Tomaszewski od dawna krytykuje Brzęczka. Nawet awans na Euro 2020 niczego nie zmienił. Bohater z Wembley praktycznie w każdym wywiadzie podkreśla, że z obecnym selekcjonerem reprezentacja Polski niczego nie osiągnie na mistrzostwach Europy i rozstanie się z nim byłoby najlepszą decyzją. To jednak nie nastąpi, przynajmniej na razie, bo kontrakt szkoleniowca został przedłużony.

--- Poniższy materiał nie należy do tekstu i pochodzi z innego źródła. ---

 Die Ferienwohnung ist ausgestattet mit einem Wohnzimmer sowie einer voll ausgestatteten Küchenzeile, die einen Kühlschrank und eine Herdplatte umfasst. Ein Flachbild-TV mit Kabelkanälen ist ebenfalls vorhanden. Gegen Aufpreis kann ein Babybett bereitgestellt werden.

Decyzję podjął Zbyszek Boniek… No cóż, bierze na siebie to ryzyko. Nie mam zielonego pojęcia czym Brzęczek sobie na to zasłużył. Dla mnie niczym - mówi na łamach weszlo.com Tomaszewski.

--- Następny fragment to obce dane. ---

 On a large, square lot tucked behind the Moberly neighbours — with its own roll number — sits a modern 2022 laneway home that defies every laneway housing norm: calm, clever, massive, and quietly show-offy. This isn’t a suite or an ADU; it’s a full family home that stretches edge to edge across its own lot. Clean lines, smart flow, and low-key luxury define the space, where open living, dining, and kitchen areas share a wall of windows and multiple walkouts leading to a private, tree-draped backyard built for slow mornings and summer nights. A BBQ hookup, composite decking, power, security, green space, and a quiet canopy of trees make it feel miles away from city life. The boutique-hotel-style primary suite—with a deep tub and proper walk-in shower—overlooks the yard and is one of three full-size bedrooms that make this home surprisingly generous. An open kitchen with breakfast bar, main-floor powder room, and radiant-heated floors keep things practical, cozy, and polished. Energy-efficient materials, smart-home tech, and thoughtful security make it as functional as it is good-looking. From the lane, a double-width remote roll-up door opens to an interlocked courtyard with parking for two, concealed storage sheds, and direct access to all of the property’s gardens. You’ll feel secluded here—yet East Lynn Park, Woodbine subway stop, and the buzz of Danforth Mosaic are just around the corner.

Legendarny bramkarz reprezentacji Polski nie wierzy, że pod wodzą Brzęczka kadra może coś osiągnąć. Skoro przez dwa lata nie doprowadził do automatyzmów w grze, bo jak gramy na dwie dziewiątki, gramy inaczej, jak gramy na jedną, gramy inaczej, jak na trzech defensywnych, inaczej gra cała drużyna. To jest to samo, co Adam Nawałka zrobił w Rosji, że w pewnym momencie Maciej Rybus powiedział, że on nie wiedział, gdzie ma grać. To samo jest teraz. Nie ma automatyzmu, takiego, jaki jest we Francji. Tam kto by nie zagrał za Giroud i Griezmanna, zagra to samo, styl się utrzyma. U nas tego nie ma. Nie widzę nawet światełka w tunelu. Ale nie będę krytykował decyzji Zbyszka, z którym po raz pierwszy od ośmiu lat się nie zgadzam. On ma swoje zdanie, ja mam swoje - zaznacza Tomaszewski.